> _Work instruction_: Working from the data below, write out exactly the lines from its first through the line that contains "首先,从变革的过程来看,集团", both ends included and pictures omitted.

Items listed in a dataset
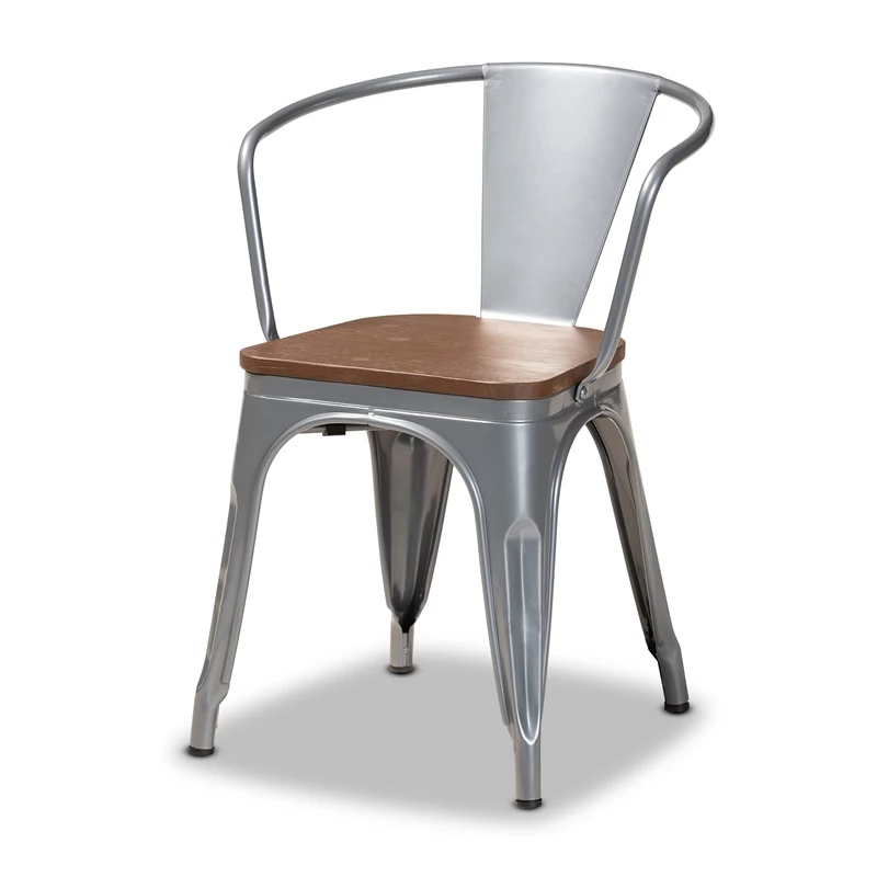 Give your dining room a sleek, industrial ambiance with the Ryland dining chair. Made in China, this set includes four chairs comprised of a metal frame fitted with a flat walnut brown finished wood seat. Its curved backrest forms convenient armrests while its open design allows light to flow more easily throughout the room. The Ryland will arrive fully assembled and is set on top of angled legs for excellent stability and support. The robust style and smooth comfort of the Ryland dining chair are sure to elevate any dining experience.
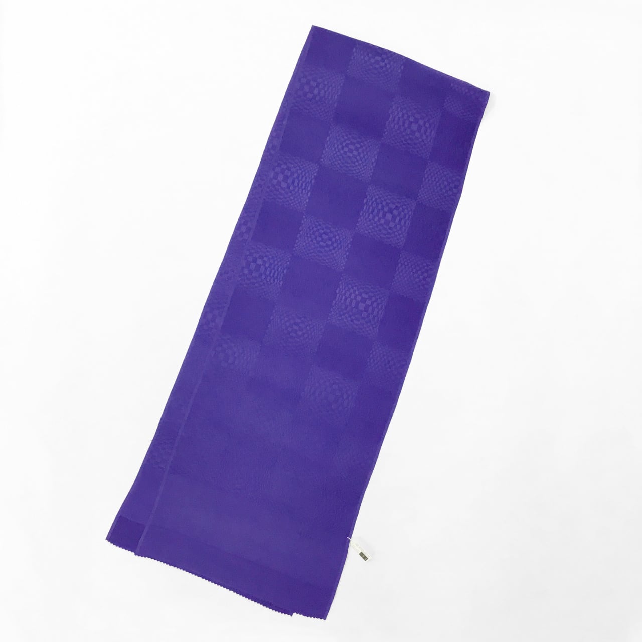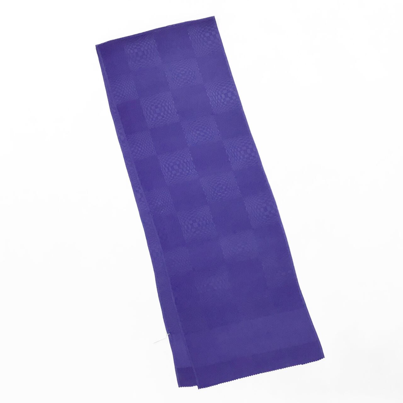 こちらは八橋織地紋という一片の長さが長短のある四角で構成され、不思議な凹凸感の現れる市松文様で織られた生地に染め出しをいたしました。
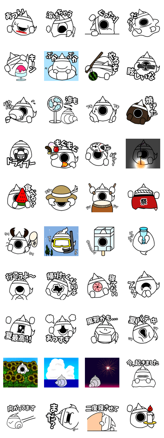 ふゆふゆ幽霊のスタンプです。夏に使えるスタンプを集めました!今年も暑い夏をこのスタンプと一緒に乗り切ろう!!
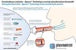 With Openair-Plasma® pre-treatment, however, 2C injection molding can be used by the toy industry without worry and without toxic materials. This plasma system is integrated directly in the extrusion tool and selectively modifies the exact spot where the soft component will be subsequently bonded (plastic bonding agent).
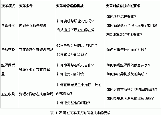首先,从变革的过程来看,集团化是任何一个希望做大做强的企业必然经历的过程。企业的变革模式主要有四种,即内部开发模式、资源交换模式、组织间联盟模式、企业收购模式。这四种变革模式各有其独特的优势,同时又面临着不同的风险,但是都对信息技术提出了自己的要求。如下表所示:
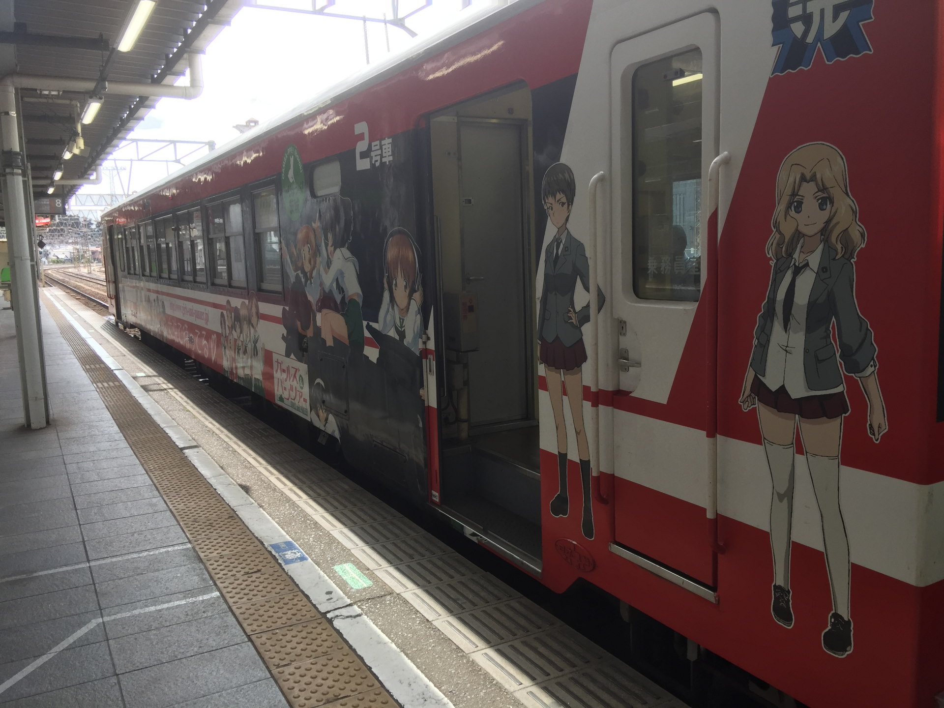平日だというのに、“ガルパン列車”にはガルパンファンがちらほら。あとから聞いたところによると、この日、キャラクターの誕生ミニイベントがあったらしいのだが、しかしながら、5年経過したいまでも平日にこれだけファンが来ているのだから大したもんだ。
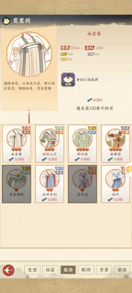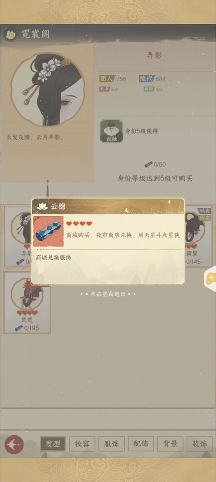 在霓裳阁中,可以使用“云锦”道具兑换各种限定服饰。
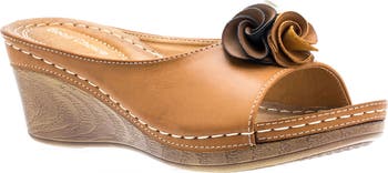 Dimensional flowers bring a colorful, feminine twist to the Sydney slip-on sandal from GC Shoes. A woodgrain platform wedge heel adds casually chic style. Sizing: true to size. M=standard width - Open toe - 3D floral embellishment - Slip-on style - Lightly cushioned footbed - Topstitched accent - Woodgrain platform wedge heel - Approx. 2.5" heel, 0.75" platform - Imported
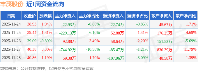 资金流向数据方面,本周丰茂股份主力资金合计净流出844.71万元,游资资金合计净流出104.65万元,散户资金合计净流入949.36万元。本周资金流向一览见下表:
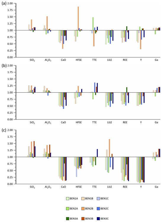 (a) Enrichment in the <63 µm fraction respect the bulk rock sample of the represented oxides and elements; (b) Enrichment in the <38 µm fraction respect the bulk rock sample of the represented oxides and elements; (c) Enrichment in the <2 µm fraction respect the bulk rock sample of the represented oxides and elements.
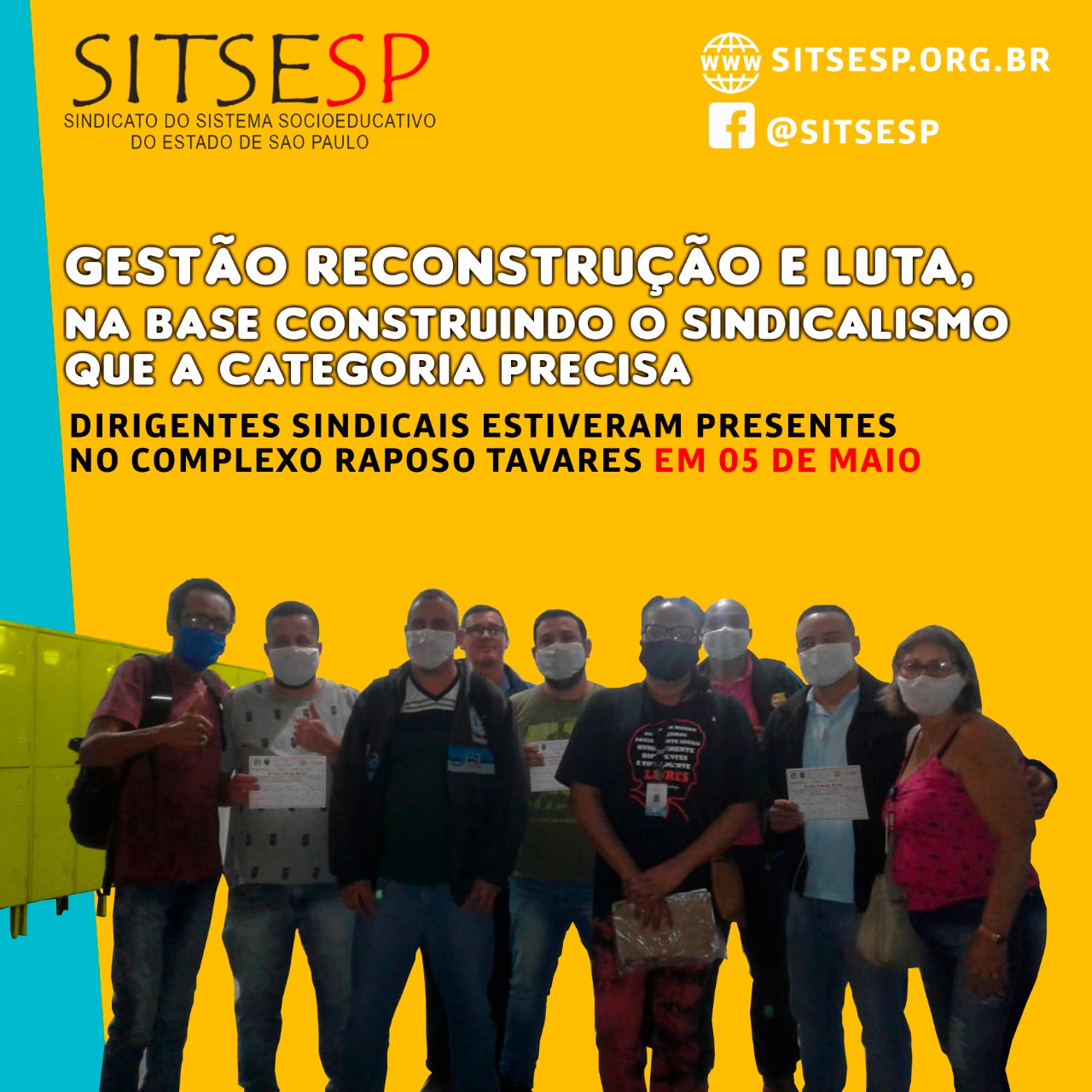 A gestão Reconstrução e Luta vem atuando ao lado da base, tomando medidas de proteção à categoria, exigindo condições de trabalho adequadas para todos os trabalhadores que representa. Nesse sentido, no dia de ontem (05 de maio), os diretores Antônia Souza (Secretária de Saúde do Trabalhador), Rosangela Mariano (Diretora Regional-Sul) e Iure Teixeira (Secretário de Formação), estiveram presentes no complexo Raposo Tavares, localizado na cidade de São Paulo.
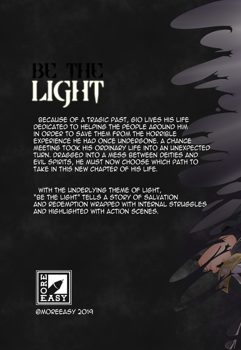 Because of a tragic past, Gio lives his life dedicated to helping the people around him in order to save them from the horrible experience he had once undergone. A chance meeting took his ordinary life into an unexpected turn. Dragged into a mess between deities and evil spirits, he must now choose which path to take in this new chapter of his life.
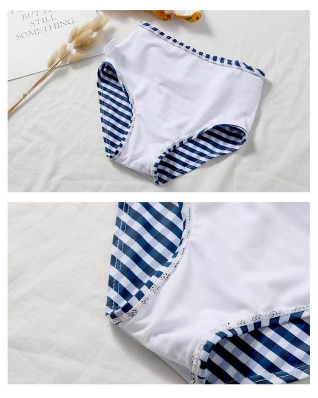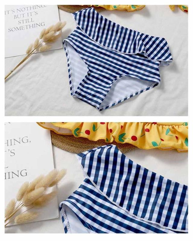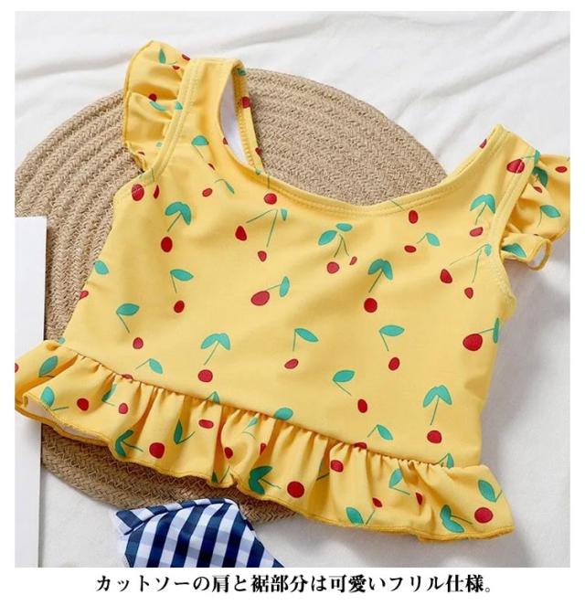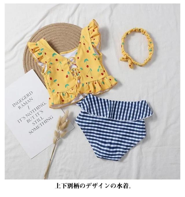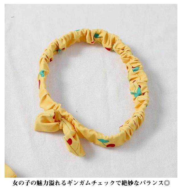 | 可愛いヘアバンド付き水着セット。 上下別柄のデザインの水着。 カットソーの肩と裾部分は可愛いフリル仕様。 女の子の魅力溢れるギンガムチェックで絶妙なバランス◎ セパレート水着はお着替えもトイレも楽チンでおすすめ!! | |
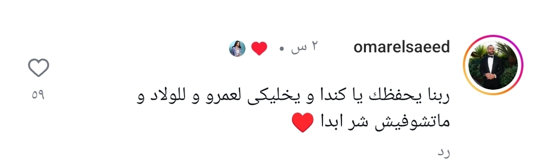 وعلق الفنان عمر السعيد، قائلًا: "ربنا يحفظك ياكندة ويخليكي لعمرو وللولاد وماتشوفيش شر أبدا".

> _Output below_:
 Give your dining room a sleek, industrial ambiance with the Ryland dining chair. Made in China, this set includes four chairs comprised of a metal frame fitted with a flat walnut brown finished wood seat. Its curved backrest forms convenient armrests while its open design allows light to flow more easily throughout the room. The Ryland will arrive fully assembled and is set on top of angled legs for excellent stability and support. The robust style and smooth comfort of the Ryland dining chair are sure to elevate any dining experience.
 こちらは八橋織地紋という一片の長さが長短のある四角で構成され、不思議な凹凸感の現れる市松文様で織られた生地に染め出しをいたしました。
 ふゆふゆ幽霊のスタンプです。夏に使えるスタンプを集めました!今年も暑い夏をこのスタンプと一緒に乗り切ろう!!
 With Openair-Plasma® pre-treatment, however, 2C injection molding can be used by the toy industry without worry and without toxic materials. This plasma system is integrated directly in the extrusion tool and selectively modifies the exact spot where the soft component will be subsequently bonded (plastic bonding agent).
首先,从变革的过程来看,集团化是任何一个希望做大做强的企业必然经历的过程。企业的变革模式主要有四种,即内部开发模式、资源交换模式、组织间联盟模式、企业收购模式。这四种变革模式各有其独特的优势,同时又面临着不同的风险,但是都对信息技术提出了自己的要求。如下表所示:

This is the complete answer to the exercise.